Bu hastalık rahmin iç zarının olmaması gereken yerlerde, örneğin karın boşluğunda bulunup gelişerek yumurtalık hormonlarının etkisi altında büyümesi ve karın boşluğuna kanaması. Bu hem kısırlığa neden oluyor, hem âdet sırasında ve âdet aralarında şiddetli ağrılar yapıyor ve insan hayatını resmen zehir ediyor. Amerika’da 10 milyon, dünyada yaklaşık 200 milyon kadın ‘endometriosis’ hastası. Bu hastalığın doku ve hücrelerini laboratuvarımda tüplerde ve daha sonra maymunların karnında büyüterek inceledim. Hastalığa katkıda bulunan “aromataz” adında önemli bir enzimi buldum. Bu enzimi ilaçlarla bloke edince ağrıların geçtiğini gördüm. Hastalığı tedavi edici veya önleyici ilaç birleşimleri geliştirdik. Hem de “Neden bu enzim burada ortaya çıkmış?” konusunu irdeledik. Bunu da daha ileri götürüp epigenetik dediğimiz yani DNA’nın kodunun değiştiği değil de bu kodun hücreler tarafından nasıl okunduğunu gösterdik.
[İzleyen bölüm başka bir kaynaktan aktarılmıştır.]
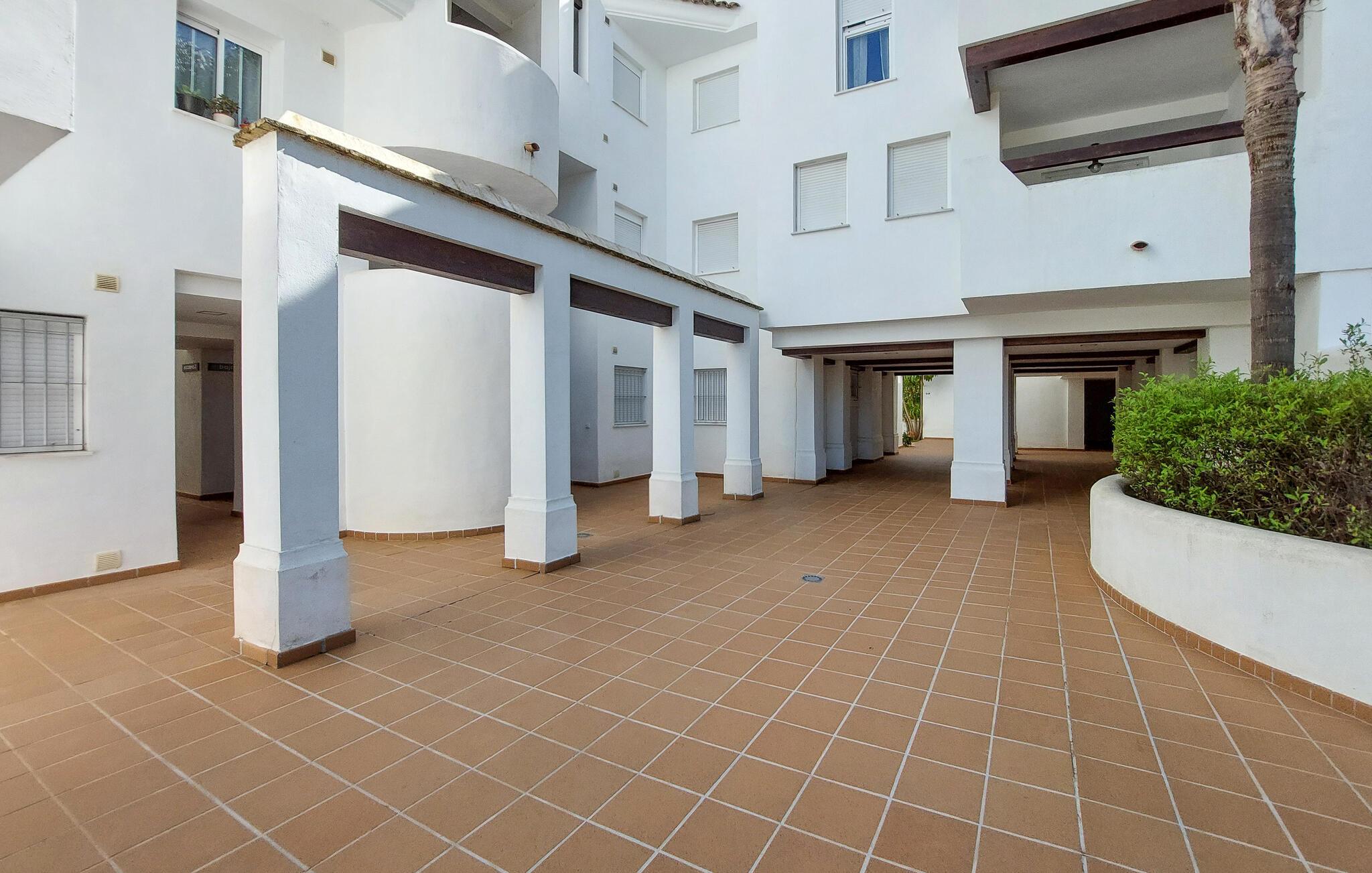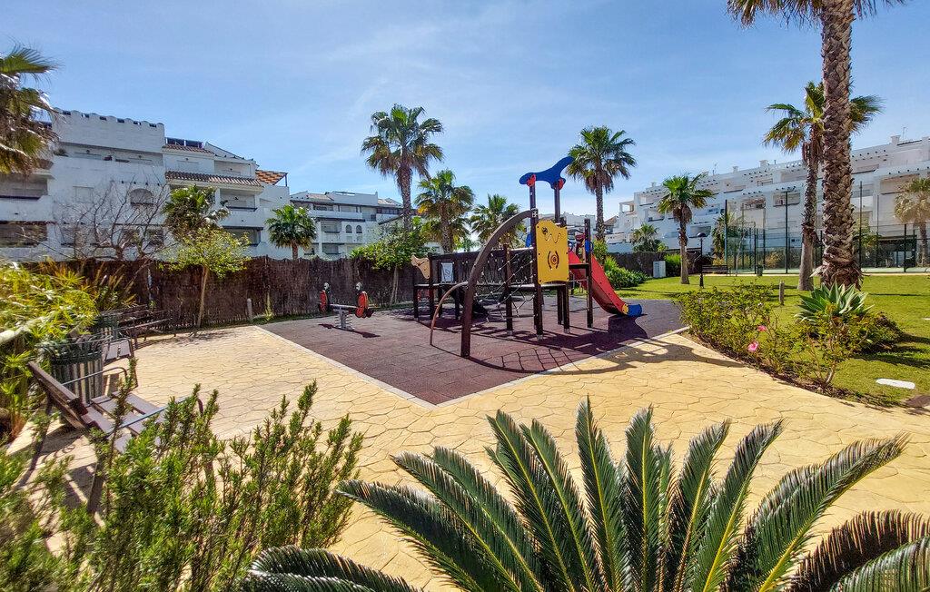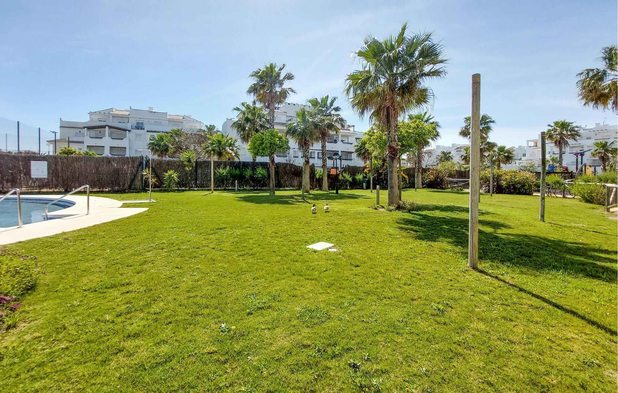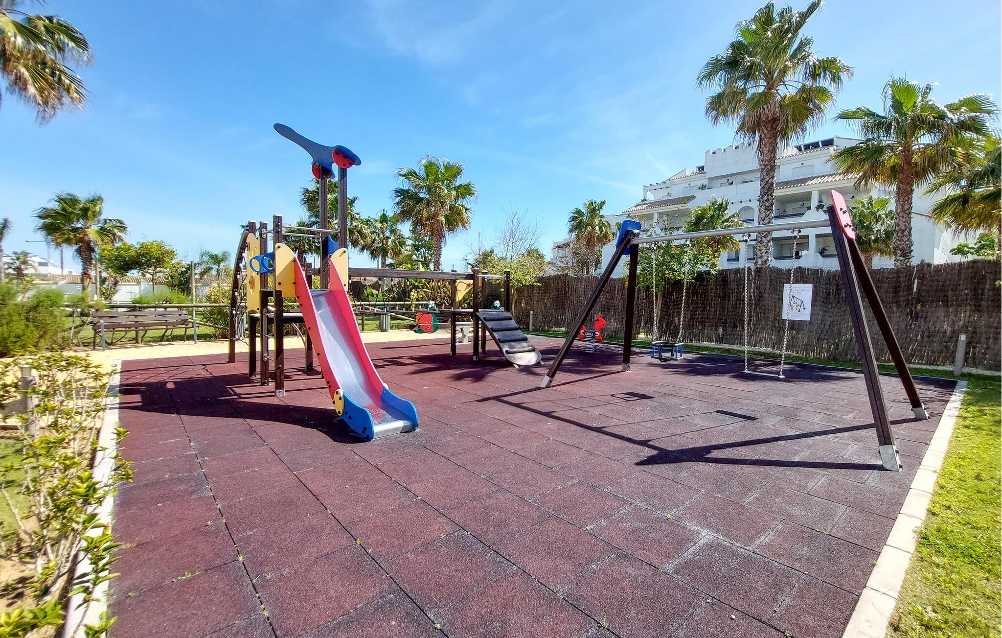 Gå en tur udenfor i skyggen af palmer, nyd solen ved poolen, og tag en forfriskende dukkert i det klare vand, lige når I har lyst. Og så er der kun få skridt ned til stranden. I nærheden af jeres lejlighed kan I spille golf og udforske flere gamle kirker samt fæstningen Castillo de Luna i Rota.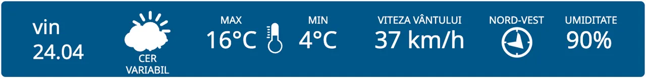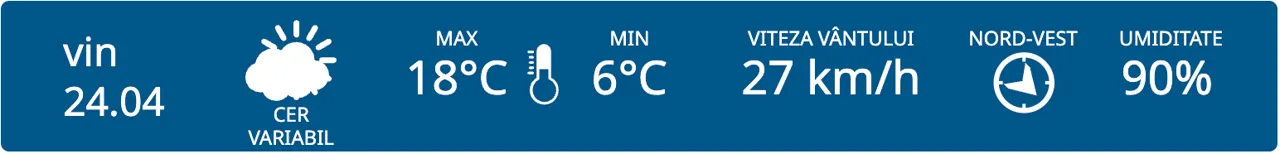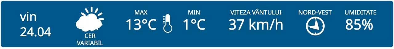 Pentru vineri, meteorologii prognozează cer variabil în toată țara. Maximele termice vor varia între +13 și +18 grade, iar cele minime între +1 și +6 grade Celsius.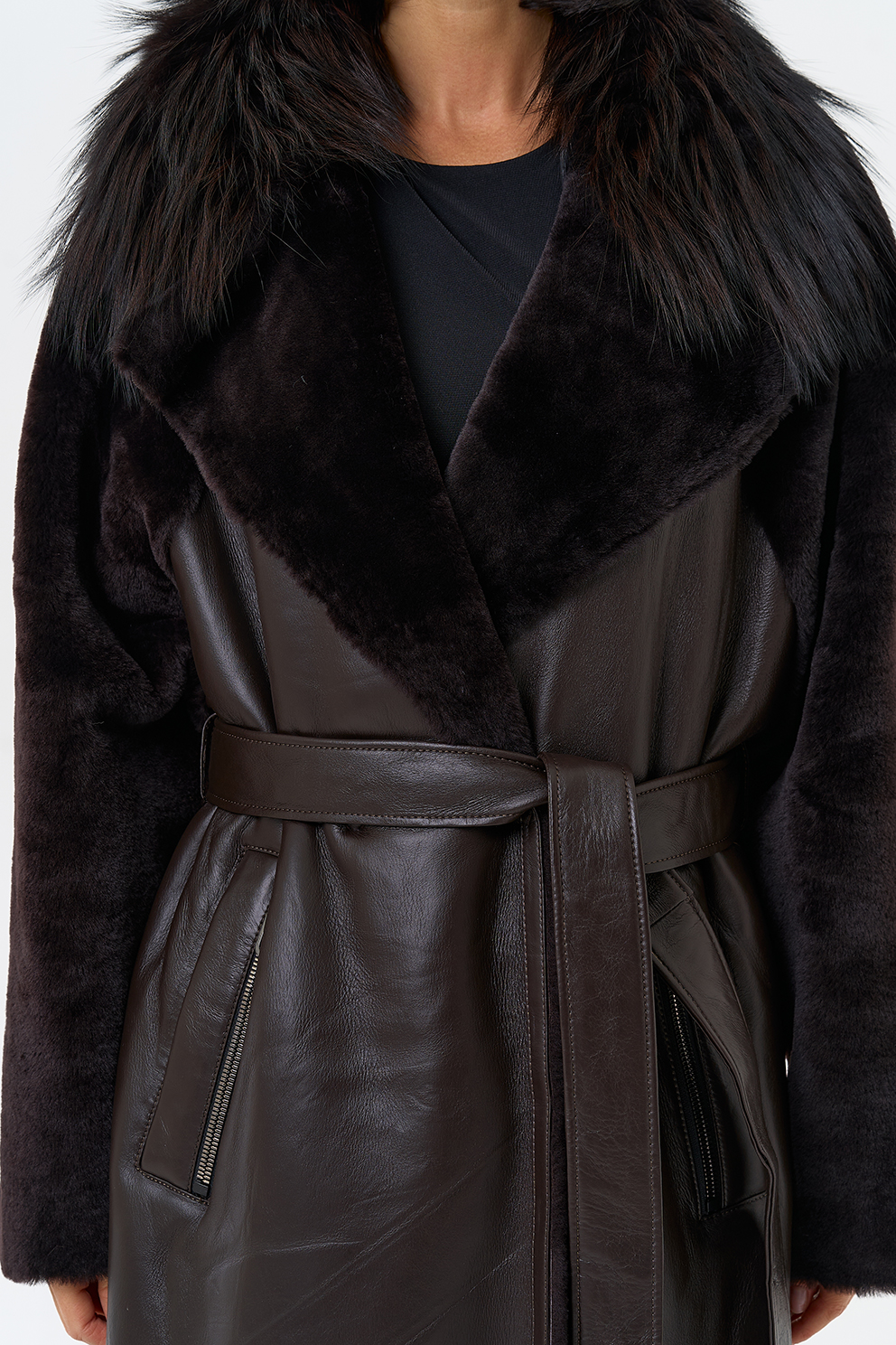 Отделка ворота - мех лисы, цвет темно-коричневый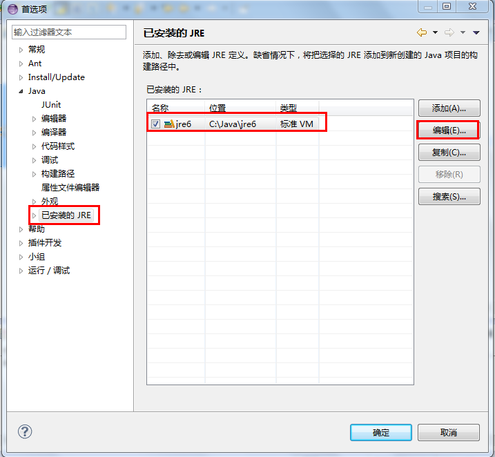 除了设置中文的API文档外,和.NET 不同我们还可以在Eclipse中直接查看Java类库的源码。下载好中文JavaDoc文档后,存在任意路径,打开Eclipse,选择"首选项"——>>"已安装的JRE",选择一个JRE版本——>>"编辑",如下: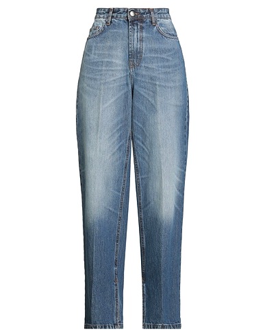 wide-leg jeans, denim, faded, plain colour, brand logo, dark wash, high waisted, belt loops, regular fit, 1 button, zip fastening, side slit hemline, multipockets, machine wash or dry clean, do not tumble dry

- Ulusal Tıp Akademisi’ne seçilmeniz bütün bu katkıların sonucu elbette?
-Bir hekim bilim adamının seçilebileceği en yüksek derneklerden biri olan Milli Tıp Akademisi’ne (National Academy of Medicine) seçilmem çok gurur verici bir şey. Bu sene bu derneğe seçilen 70 hekim - bilim adamı arasında 2 Nobel Ödüllü doktor da var. Son 10 senedir Northwestern’dan kimse buraya seçilmemişti. Yani Nortwestern için çok önemli bir şey..."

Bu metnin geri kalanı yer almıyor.